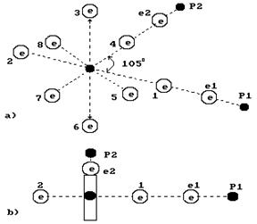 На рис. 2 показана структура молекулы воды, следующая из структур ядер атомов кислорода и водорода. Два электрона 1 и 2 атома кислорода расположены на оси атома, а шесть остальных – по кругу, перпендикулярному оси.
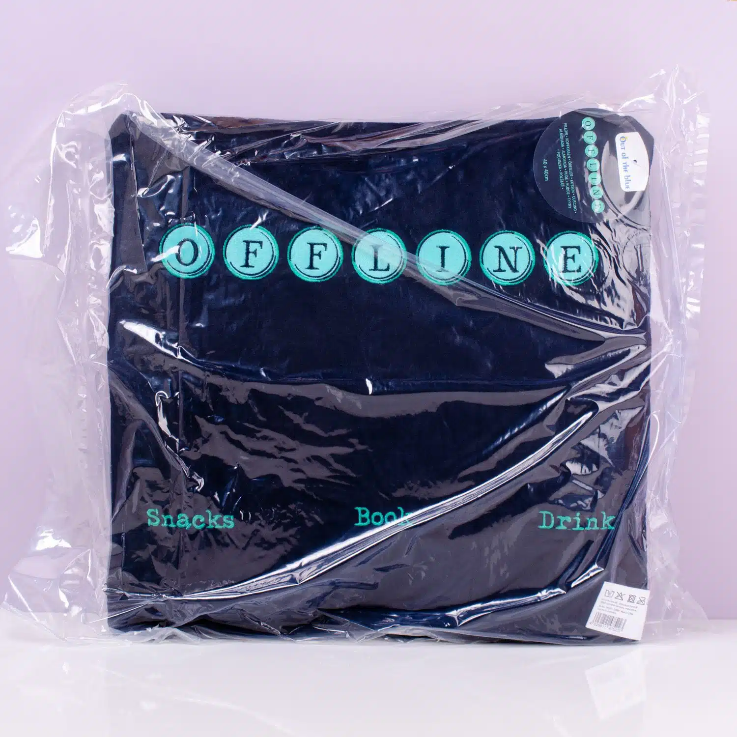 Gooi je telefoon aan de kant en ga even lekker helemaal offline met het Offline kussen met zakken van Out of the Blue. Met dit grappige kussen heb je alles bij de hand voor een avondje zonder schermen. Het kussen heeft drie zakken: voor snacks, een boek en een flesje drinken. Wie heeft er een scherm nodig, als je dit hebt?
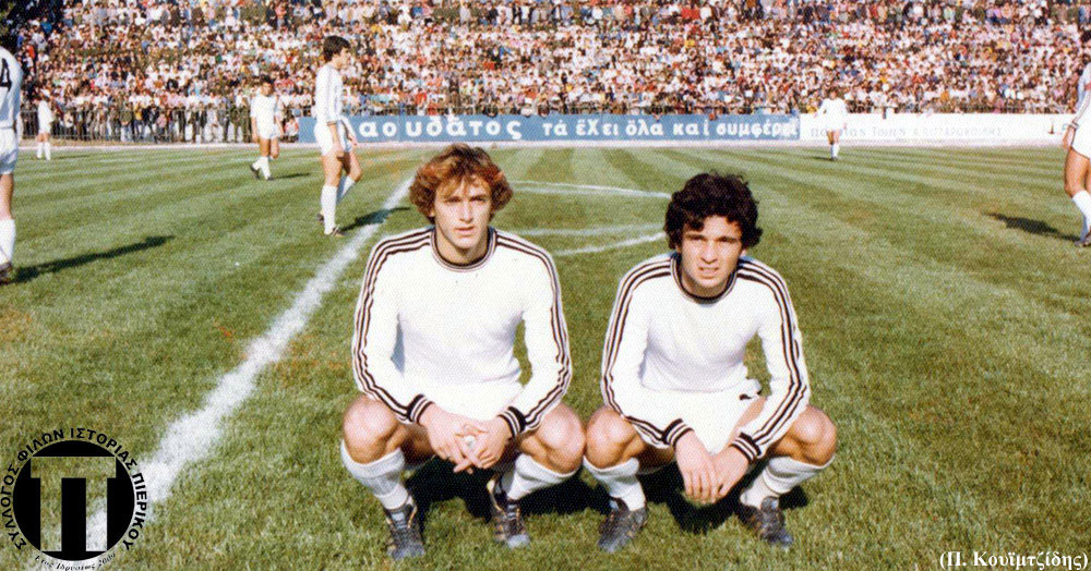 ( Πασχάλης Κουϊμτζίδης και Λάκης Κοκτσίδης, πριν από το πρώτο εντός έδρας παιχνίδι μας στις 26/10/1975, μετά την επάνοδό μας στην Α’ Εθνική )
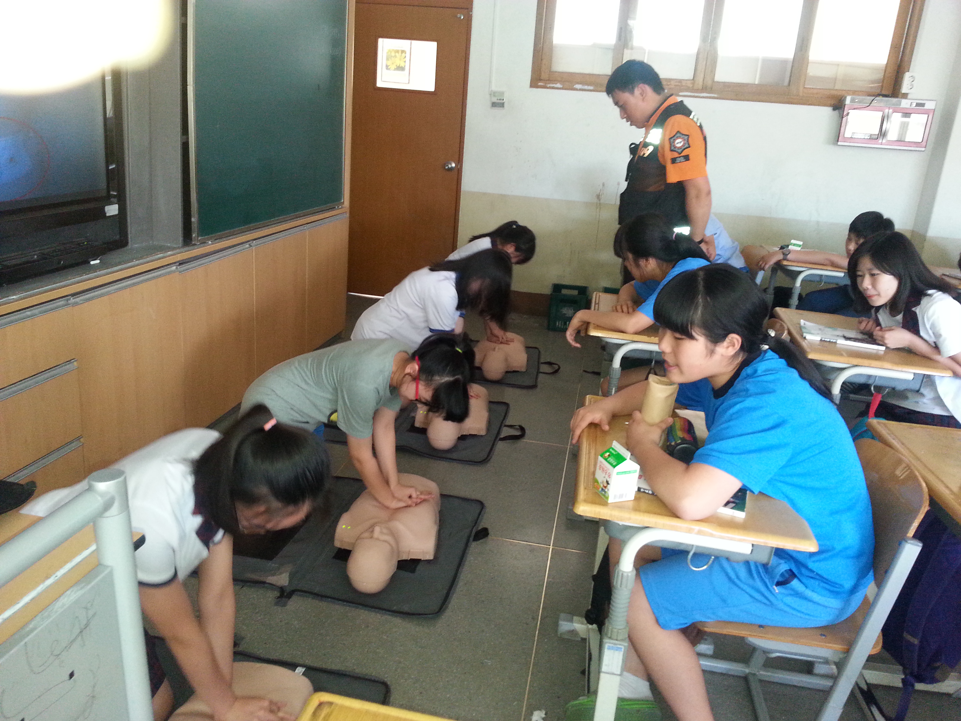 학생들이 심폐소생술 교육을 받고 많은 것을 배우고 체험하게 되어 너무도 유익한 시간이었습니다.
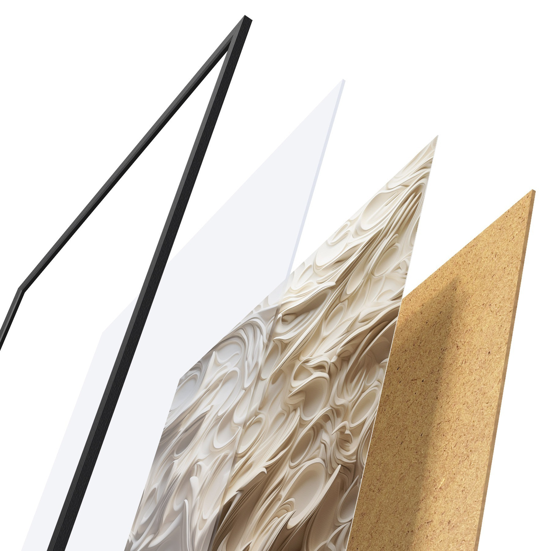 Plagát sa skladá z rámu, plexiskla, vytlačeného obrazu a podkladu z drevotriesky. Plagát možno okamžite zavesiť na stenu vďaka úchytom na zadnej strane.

* * *

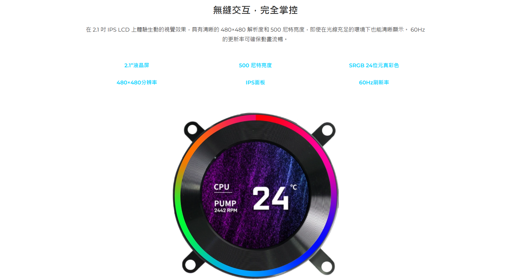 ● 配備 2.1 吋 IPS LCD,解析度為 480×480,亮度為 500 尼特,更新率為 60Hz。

...

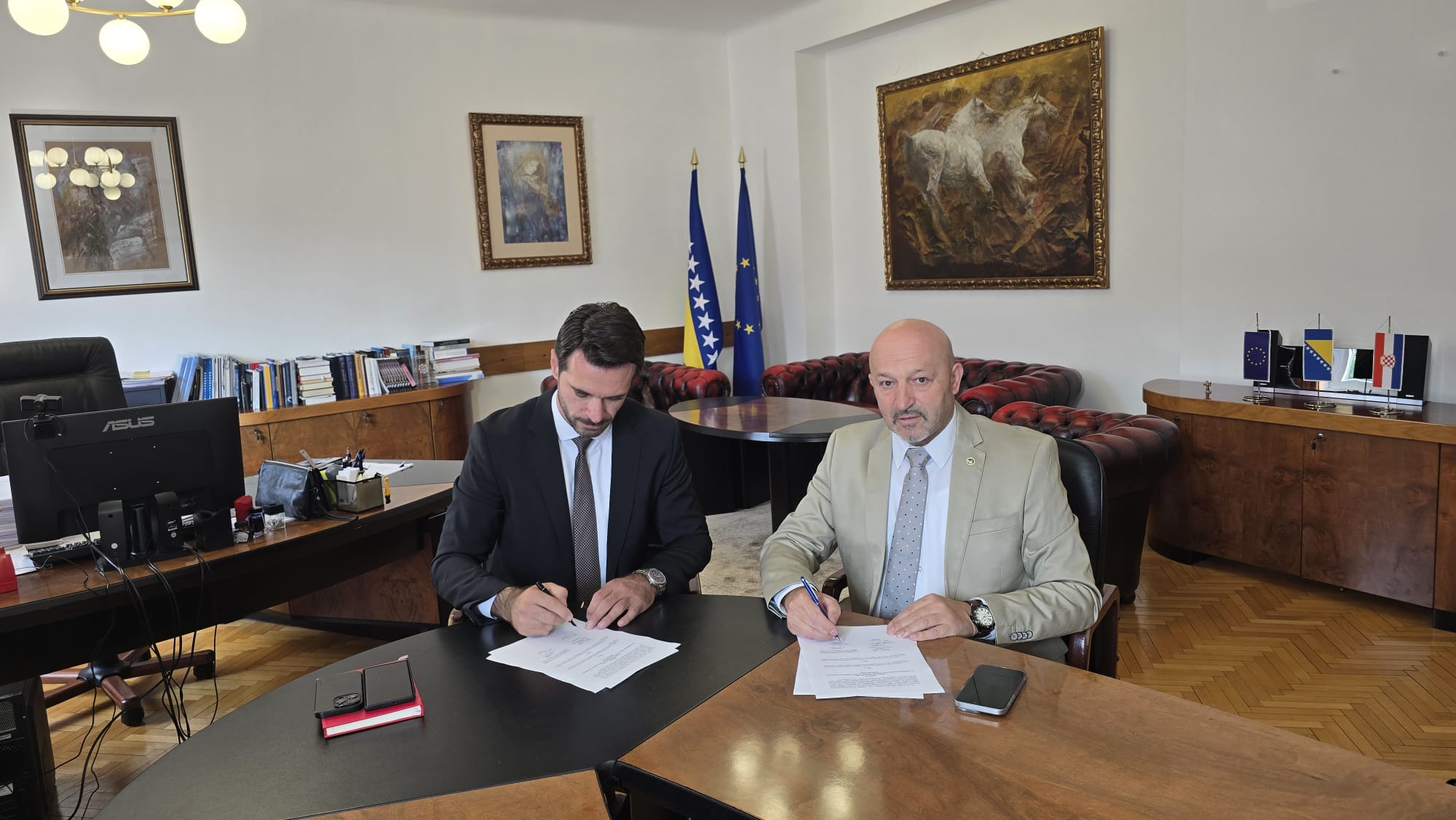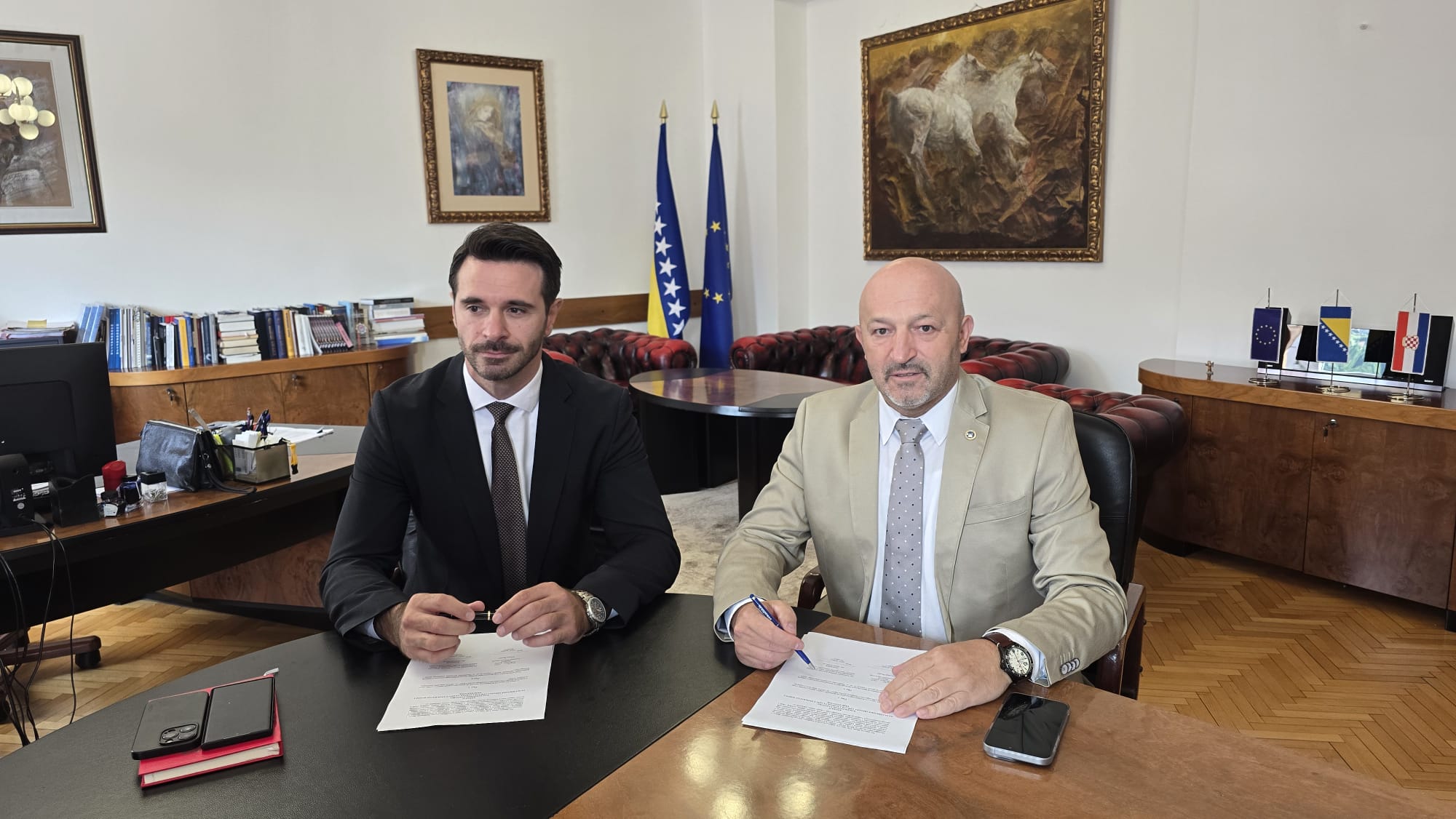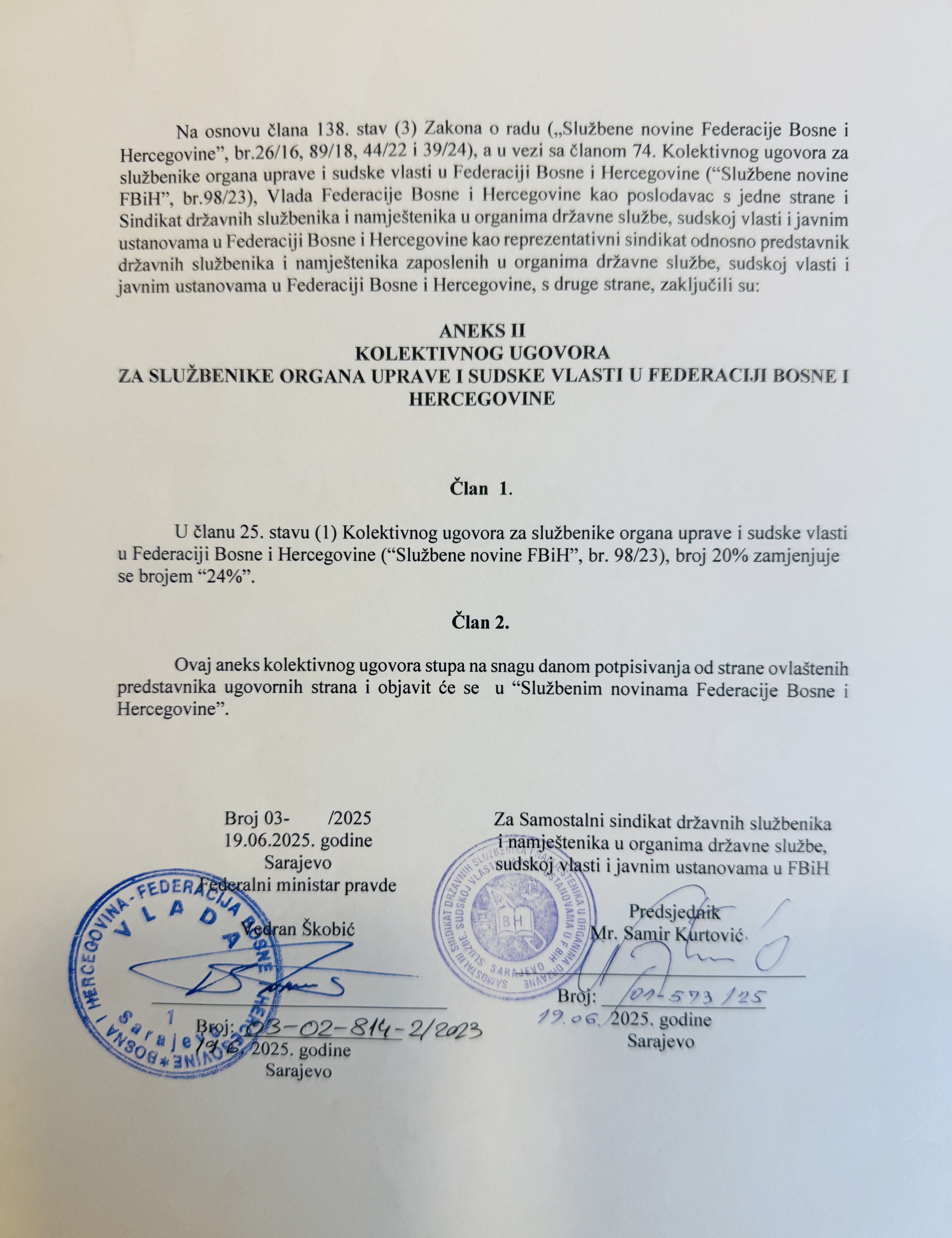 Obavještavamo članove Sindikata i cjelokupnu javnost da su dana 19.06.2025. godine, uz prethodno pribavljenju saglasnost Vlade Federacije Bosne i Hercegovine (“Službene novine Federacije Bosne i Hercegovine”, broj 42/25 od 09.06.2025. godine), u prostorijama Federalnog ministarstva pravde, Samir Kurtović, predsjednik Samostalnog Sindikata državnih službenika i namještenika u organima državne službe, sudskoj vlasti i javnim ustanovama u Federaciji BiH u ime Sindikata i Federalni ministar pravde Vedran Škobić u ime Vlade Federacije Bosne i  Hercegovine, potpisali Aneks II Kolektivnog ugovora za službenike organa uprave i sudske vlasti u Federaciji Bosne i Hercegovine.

◆ **Your task**
Here the job is to copy the listing above word for word, starting at the line with "Gooi je telefoon" and ending at the line with "Plagát sa skladá", and to leave out the pictures.

◆ **Answer for the task**
 Gooi je telefoon aan de kant en ga even lekker helemaal offline met het Offline kussen met zakken van Out of the Blue. Met dit grappige kussen heb je alles bij de hand voor een avondje zonder schermen. Het kussen heeft drie zakken: voor snacks, een boek en een flesje drinken. Wie heeft er een scherm nodig, als je dit hebt?
 ( Πασχάλης Κουϊμτζίδης και Λάκης Κοκτσίδης, πριν από το πρώτο εντός έδρας παιχνίδι μας στις 26/10/1975, μετά την επάνοδό μας στην Α’ Εθνική )
 학생들이 심폐소생술 교육을 받고 많은 것을 배우고 체험하게 되어 너무도 유익한 시간이었습니다.
 Plagát sa skladá z rámu, plexiskla, vytlačeného obrazu a podkladu z drevotriesky. Plagát možno okamžite zavesiť na stenu vďaka úchytom na zadnej strane.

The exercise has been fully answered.